**ENTRIES SUPPLIED:**
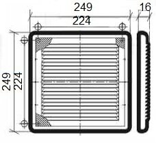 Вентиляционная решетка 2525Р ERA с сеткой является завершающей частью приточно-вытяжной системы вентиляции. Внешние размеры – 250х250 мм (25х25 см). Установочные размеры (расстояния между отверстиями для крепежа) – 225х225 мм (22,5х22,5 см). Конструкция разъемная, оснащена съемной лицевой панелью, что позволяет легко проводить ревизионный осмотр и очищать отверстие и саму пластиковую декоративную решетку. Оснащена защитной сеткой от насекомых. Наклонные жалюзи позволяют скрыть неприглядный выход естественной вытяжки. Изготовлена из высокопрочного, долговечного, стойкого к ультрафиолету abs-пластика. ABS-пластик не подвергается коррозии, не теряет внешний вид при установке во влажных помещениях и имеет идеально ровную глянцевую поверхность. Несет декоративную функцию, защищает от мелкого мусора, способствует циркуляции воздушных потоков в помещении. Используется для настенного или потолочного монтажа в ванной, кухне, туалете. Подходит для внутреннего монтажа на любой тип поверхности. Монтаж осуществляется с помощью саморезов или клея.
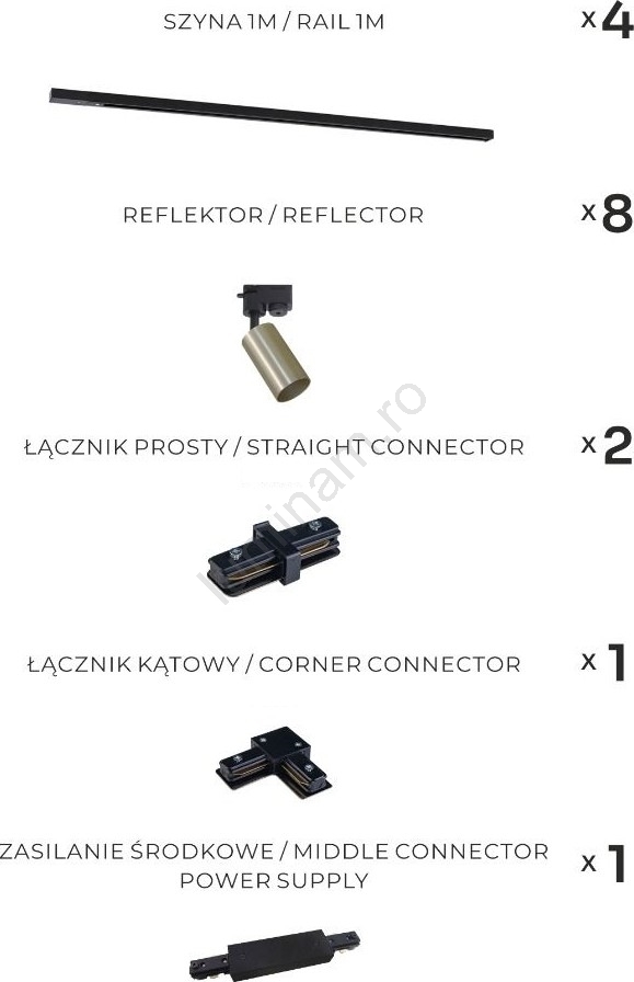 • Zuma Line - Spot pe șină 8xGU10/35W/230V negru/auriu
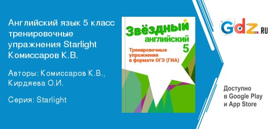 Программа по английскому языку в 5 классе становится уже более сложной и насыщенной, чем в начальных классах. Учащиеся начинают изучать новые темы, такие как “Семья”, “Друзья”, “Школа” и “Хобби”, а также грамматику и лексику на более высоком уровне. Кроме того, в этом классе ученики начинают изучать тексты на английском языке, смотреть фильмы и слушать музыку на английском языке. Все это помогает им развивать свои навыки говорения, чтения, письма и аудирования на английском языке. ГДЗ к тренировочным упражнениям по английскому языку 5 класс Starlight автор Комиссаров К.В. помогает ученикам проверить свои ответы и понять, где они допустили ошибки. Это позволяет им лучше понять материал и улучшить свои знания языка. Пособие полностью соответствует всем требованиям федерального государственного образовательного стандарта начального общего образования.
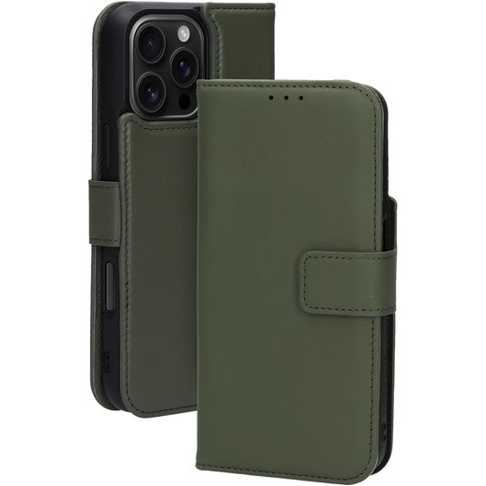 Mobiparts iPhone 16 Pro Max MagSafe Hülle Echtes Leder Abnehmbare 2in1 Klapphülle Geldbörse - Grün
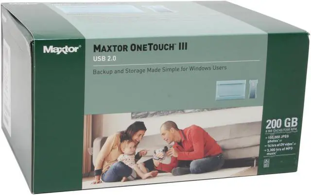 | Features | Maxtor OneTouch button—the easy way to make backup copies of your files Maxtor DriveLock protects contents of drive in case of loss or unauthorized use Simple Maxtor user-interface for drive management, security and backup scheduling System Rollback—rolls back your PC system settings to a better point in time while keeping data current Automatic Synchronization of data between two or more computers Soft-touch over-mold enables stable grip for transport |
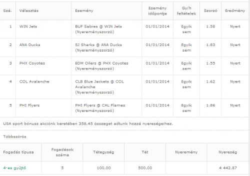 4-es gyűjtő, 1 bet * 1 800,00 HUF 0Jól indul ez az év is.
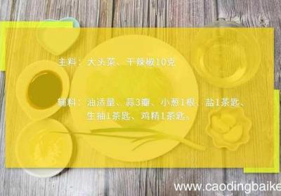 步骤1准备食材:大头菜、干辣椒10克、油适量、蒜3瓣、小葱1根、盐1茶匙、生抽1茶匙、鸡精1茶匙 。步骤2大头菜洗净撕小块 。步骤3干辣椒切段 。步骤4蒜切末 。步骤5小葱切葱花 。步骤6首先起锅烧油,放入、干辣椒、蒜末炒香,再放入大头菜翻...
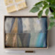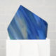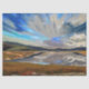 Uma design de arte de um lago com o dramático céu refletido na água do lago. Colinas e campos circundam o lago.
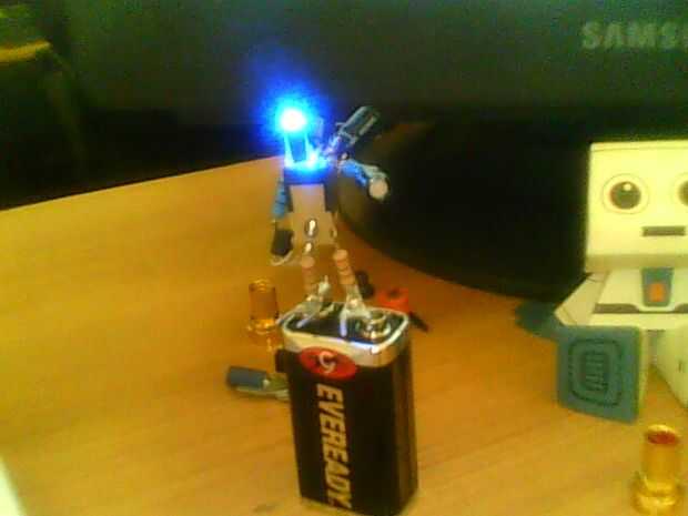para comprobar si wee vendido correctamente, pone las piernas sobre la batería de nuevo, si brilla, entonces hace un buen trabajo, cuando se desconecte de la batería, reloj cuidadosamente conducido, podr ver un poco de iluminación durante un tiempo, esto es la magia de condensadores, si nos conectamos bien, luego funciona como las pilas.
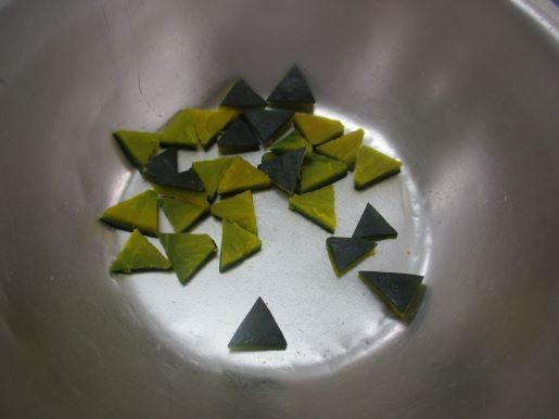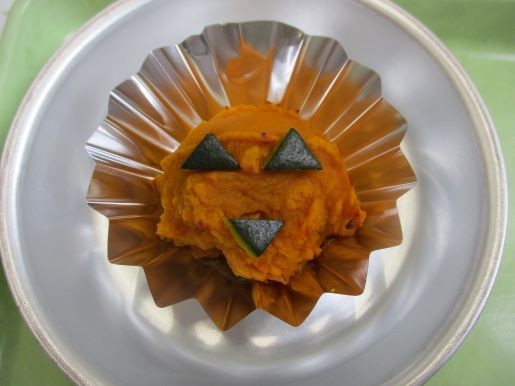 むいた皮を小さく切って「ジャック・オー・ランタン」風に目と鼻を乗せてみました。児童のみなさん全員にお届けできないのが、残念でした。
==
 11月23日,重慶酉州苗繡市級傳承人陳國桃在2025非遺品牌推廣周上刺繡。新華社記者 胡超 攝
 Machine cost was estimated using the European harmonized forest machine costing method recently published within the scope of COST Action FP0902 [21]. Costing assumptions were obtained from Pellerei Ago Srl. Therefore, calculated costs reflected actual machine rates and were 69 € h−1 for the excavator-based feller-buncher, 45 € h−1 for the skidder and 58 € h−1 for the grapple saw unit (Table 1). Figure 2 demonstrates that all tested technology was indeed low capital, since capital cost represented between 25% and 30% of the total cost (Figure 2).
--
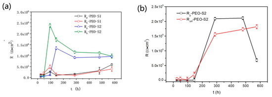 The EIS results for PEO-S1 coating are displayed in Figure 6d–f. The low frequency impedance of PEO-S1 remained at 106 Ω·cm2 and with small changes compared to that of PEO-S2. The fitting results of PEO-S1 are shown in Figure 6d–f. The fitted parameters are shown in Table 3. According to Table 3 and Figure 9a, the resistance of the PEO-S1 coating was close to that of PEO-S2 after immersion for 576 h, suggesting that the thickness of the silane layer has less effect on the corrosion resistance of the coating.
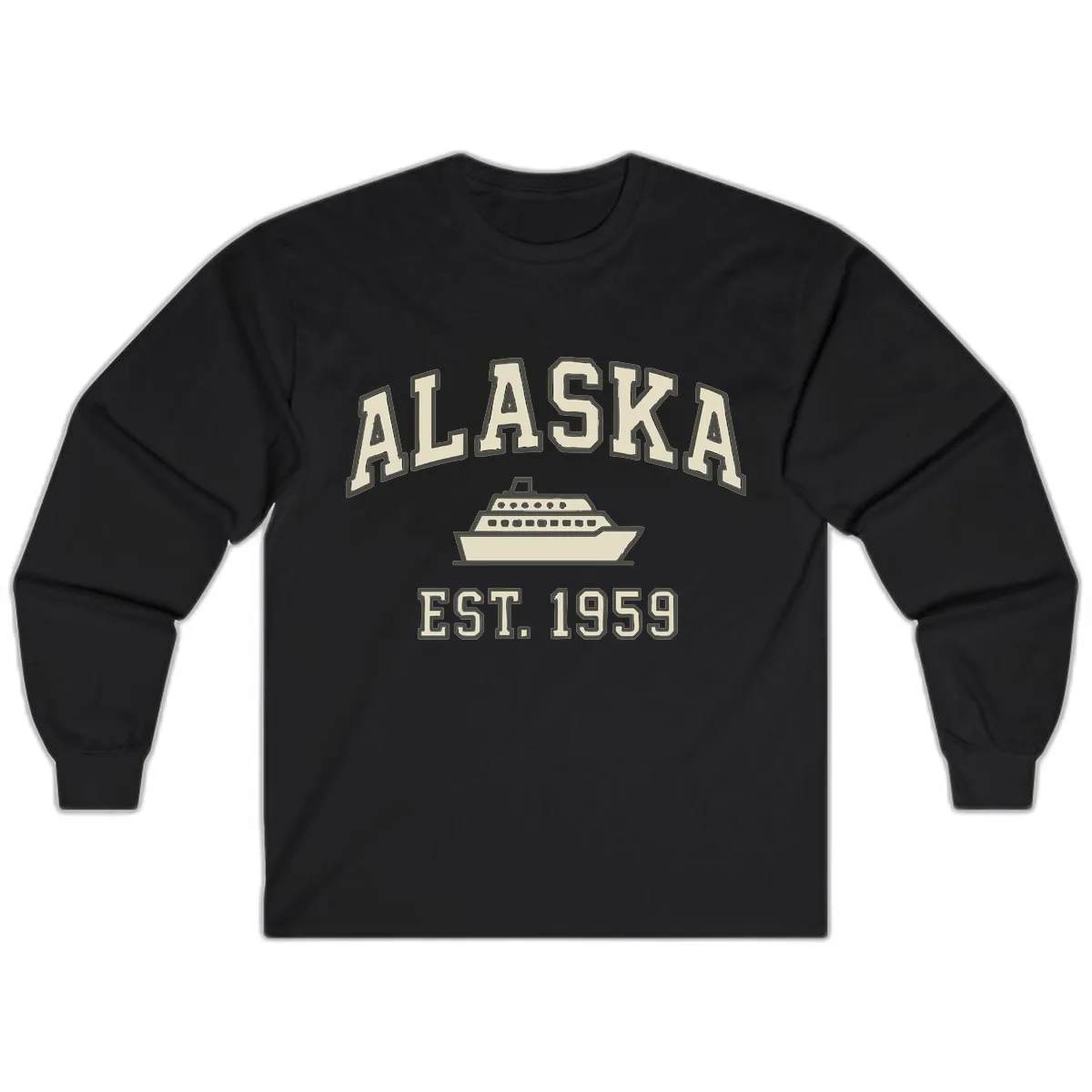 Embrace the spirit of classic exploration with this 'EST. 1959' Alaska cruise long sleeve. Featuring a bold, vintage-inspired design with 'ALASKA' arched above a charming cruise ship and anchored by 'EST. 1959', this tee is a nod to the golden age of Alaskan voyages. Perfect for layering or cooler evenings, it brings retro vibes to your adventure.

**WORK TO COMPLETE:** Set down, exactly as written above, each line from the one with "șină 8xGU10/35W/230V negru/auriu" through the one with "むいた皮を小さく切って「ジャ", and skip the pictures.

**RESPONSE:**
 • Zuma Line - Spot pe șină 8xGU10/35W/230V negru/auriu
 Программа по английскому языку в 5 классе становится уже более сложной и насыщенной, чем в начальных классах. Учащиеся начинают изучать новые темы, такие как “Семья”, “Друзья”, “Школа” и “Хобби”, а также грамматику и лексику на более высоком уровне. Кроме того, в этом классе ученики начинают изучать тексты на английском языке, смотреть фильмы и слушать музыку на английском языке. Все это помогает им развивать свои навыки говорения, чтения, письма и аудирования на английском языке. ГДЗ к тренировочным упражнениям по английскому языку 5 класс Starlight автор Комиссаров К.В. помогает ученикам проверить свои ответы и понять, где они допустили ошибки. Это позволяет им лучше понять материал и улучшить свои знания языка. Пособие полностью соответствует всем требованиям федерального государственного образовательного стандарта начального общего образования.
 Mobiparts iPhone 16 Pro Max MagSafe Hülle Echtes Leder Abnehmbare 2in1 Klapphülle Geldbörse - Grün
 | Features | Maxtor OneTouch button—the easy way to make backup copies of your files Maxtor DriveLock protects contents of drive in case of loss or unauthorized use Simple Maxtor user-interface for drive management, security and backup scheduling System Rollback—rolls back your PC system settings to a better point in time while keeping data current Automatic Synchronization of data between two or more computers Soft-touch over-mold enables stable grip for transport |
 4-es gyűjtő, 1 bet * 1 800,00 HUF 0Jól indul ez az év is.
 步骤1准备食材:大头菜、干辣椒10克、油适量、蒜3瓣、小葱1根、盐1茶匙、生抽1茶匙、鸡精1茶匙 。步骤2大头菜洗净撕小块 。步骤3干辣椒切段 。步骤4蒜切末 。步骤5小葱切葱花 。步骤6首先起锅烧油,放入、干辣椒、蒜末炒香,再放入大头菜翻...
 Uma design de arte de um lago com o dramático céu refletido na água do lago. Colinas e campos circundam o lago.
para comprobar si wee vendido correctamente, pone las piernas sobre la batería de nuevo, si brilla, entonces hace un buen trabajo, cuando se desconecte de la batería, reloj cuidadosamente conducido, podr ver un poco de iluminación durante un tiempo, esto es la magia de condensadores, si nos conectamos bien, luego funciona como las pilas.
 むいた皮を小さく切って「ジャック・オー・ランタン」風に目と鼻を乗せてみました。児童のみなさん全員にお届けできないのが、残念でした。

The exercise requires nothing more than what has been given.